KOGAN: You are insane, but did we not know that?

This can’t be serious, Lewis concludes. Yet, Levinson’s demeanor suggests that it is, in fact, completely serious. He appears to be resolute, komandir-like. Unless, of course, he is acting.

“You scare me, gentlemen,” he says.

As a Soviet engineer, Lewis is trained to identify objective difficulties. These are daunting. How do you slip past thousands of soldiers of the MGB? How do you evade tanks, cannons, guard dogs, missiles, bombs? How do you get through the layers of defenses? How can you suggest such nonsense?

“How do we scare you, Mr. Lewis?” says Kogan. “Do you fear becoming an accessory to regicide?”
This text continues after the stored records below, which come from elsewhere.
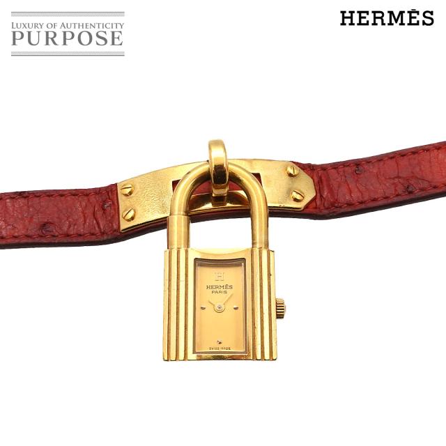 エルメス ケリーウォッチ ヴィンテージ レディース 腕時計 オーストリッチ レッド ゴールド クォーツ カデナ 90311695 【中古】時計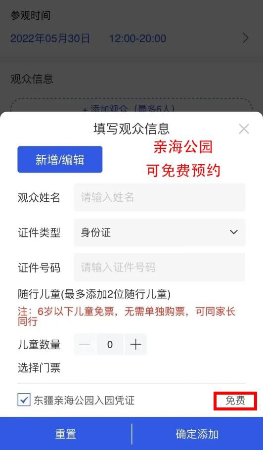 5.填写预约观众信息点击(六岁以下儿童无需预约,可随家长预约凭证同行)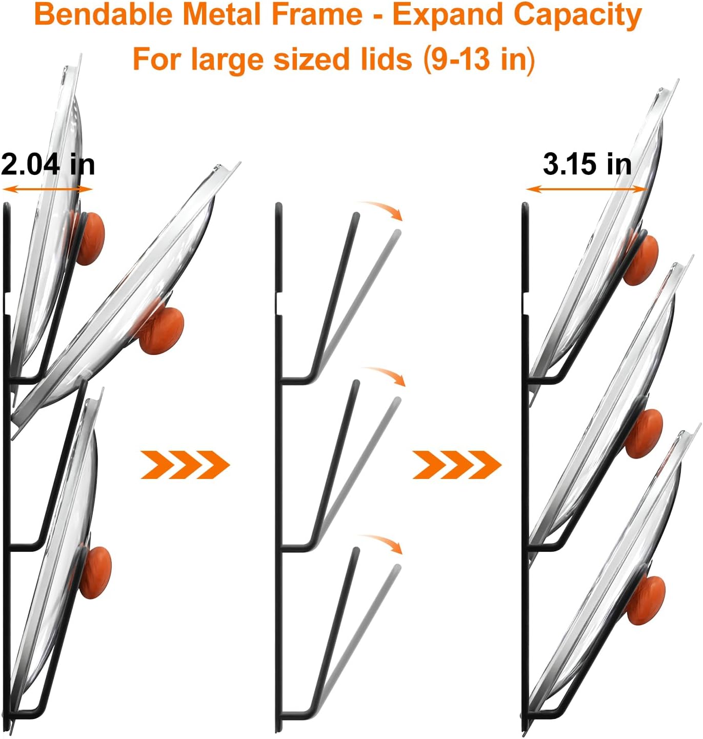 NOTE: While the lid rack is bendable to fit large sized lids, but please DON’T excessively bend the lid rack to fit large pot lids, otherwise the lids rack may stick out too much and the cabinet door may not close.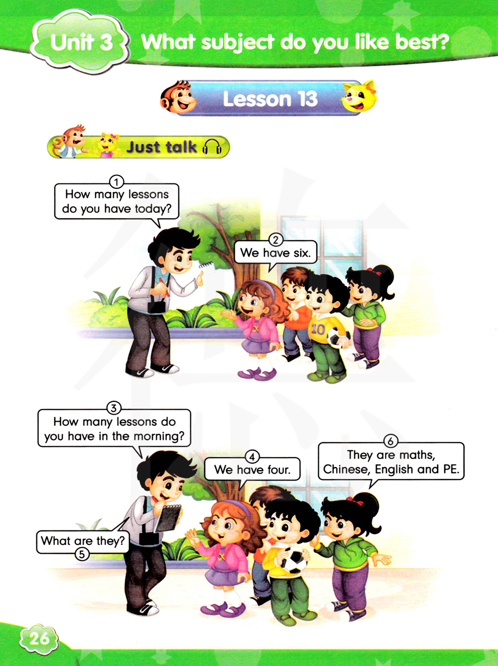 2. How many lessons do you have in the morning?你们早上有几节课? ----We have four. 我们有四节。 ----What are they?他们是什么?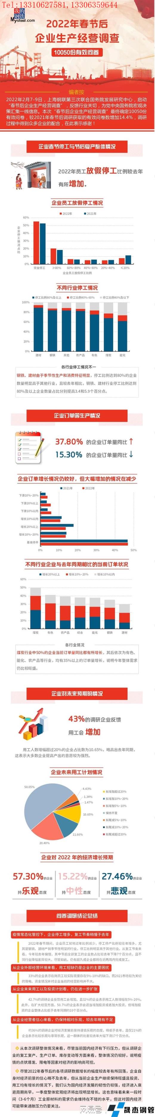 2022年2月7-9日,上海鋼聯(lián)第三次聯(lián)合國務院發(fā)展研究中心,啟動“春節(jié)后企業(yè)生產(chǎn)經(jīng)營調(diào)查”,反饋行業(yè)關(guān)切,為黨中央國務院宏觀決策匯集一線信息。本次“春節(jié)后企業(yè)生產(chǎn)經(jīng)營調(diào)查”最終確定10050份有效問卷,較2021年春節(jié)后調(diào)研獲取的有效問卷數(shù)增加14.4%。 具體結(jié)論如下: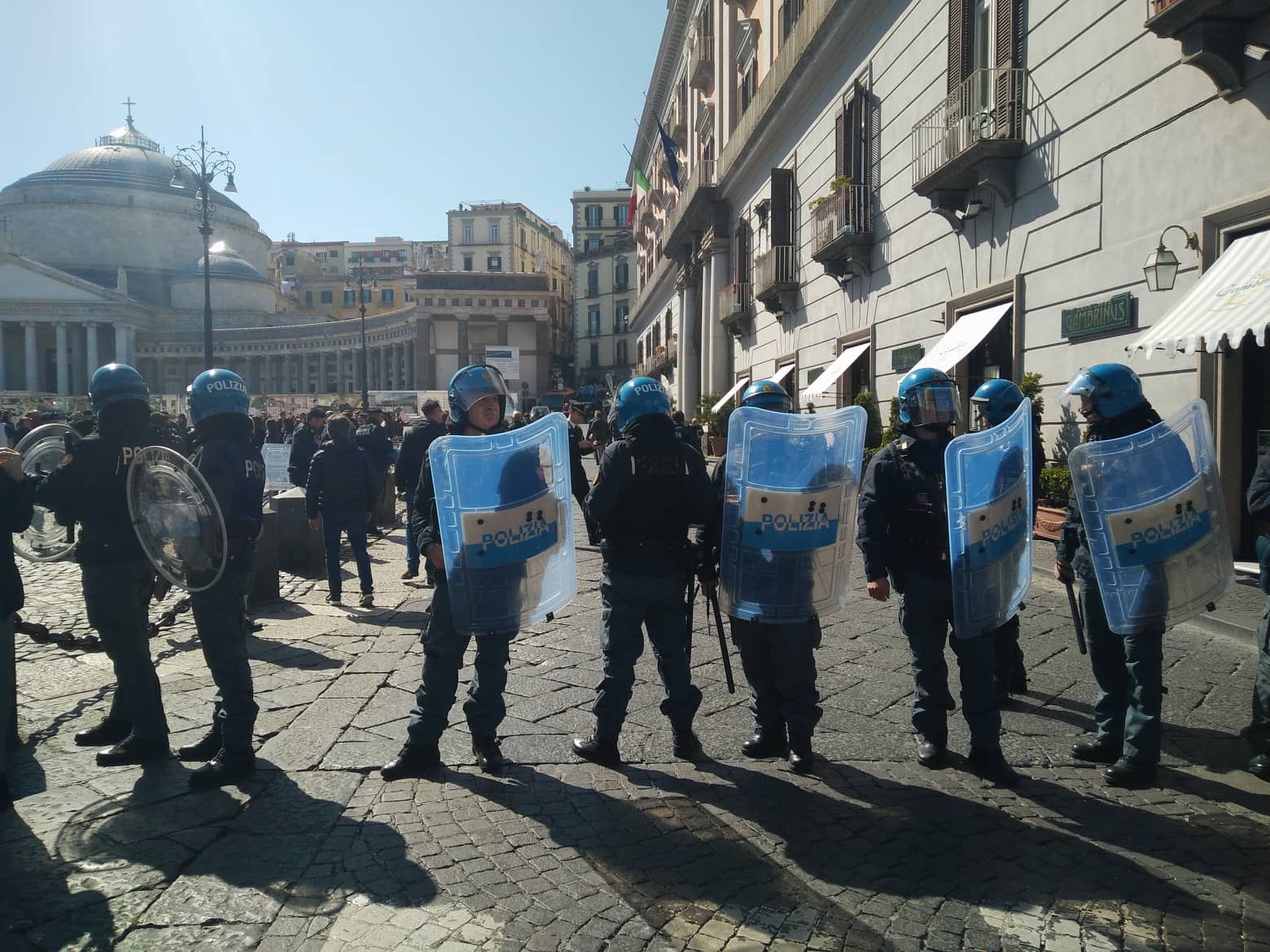 Si sono vissuti momenti di tensione tra i manifestanti e i poliziotti in assetto antisommossa, poi tutto è rientrato ed è stato consentito al corteo, alle 13.15, di arrivare in piazza del Plebiscito.

Is Kogan really getting involved in this insanity? Or is this the weirdest practical joke ever staged?

“No. Not that. Why would I give a shit about regicide? You know me better than that. I am just unable to tell whether you are genuine plotters or just two idiots.”

5

The purpose of art is to ennoble. The purpose of shtick is to stuff you with the rich diet of self-parody and self-hatred for no purpose beyond making you open the wallet and burp.

The timing of these heroic events—1953—coincides with the integration of Jewish humor into the American mainstream.

The Yiddish language is still heard in America’s streets. Yiddish theaters are still drawing crowds, and off-color humor fueled by vaudeville, jazz, and burlesque is flourishing in the Jewish Riviera resorts of the Catskills.

Jewish humor is completing its life cycle: blossoming, rotting, becoming shtick, transitioning into English. You can talk about Rodney Dangerfield and Henny Youngman, even include the young Lenny Bruce before he got real.

The purveyors of shtick may have been literally the American cousins of Levinson and Mikhoels. They would have been cousins who speak the same language and who are somewhat (not uniformly) aware of each other’s existence. Yet, they are cousins who exist oceans apart. And, more important, they have few reasons to like each other.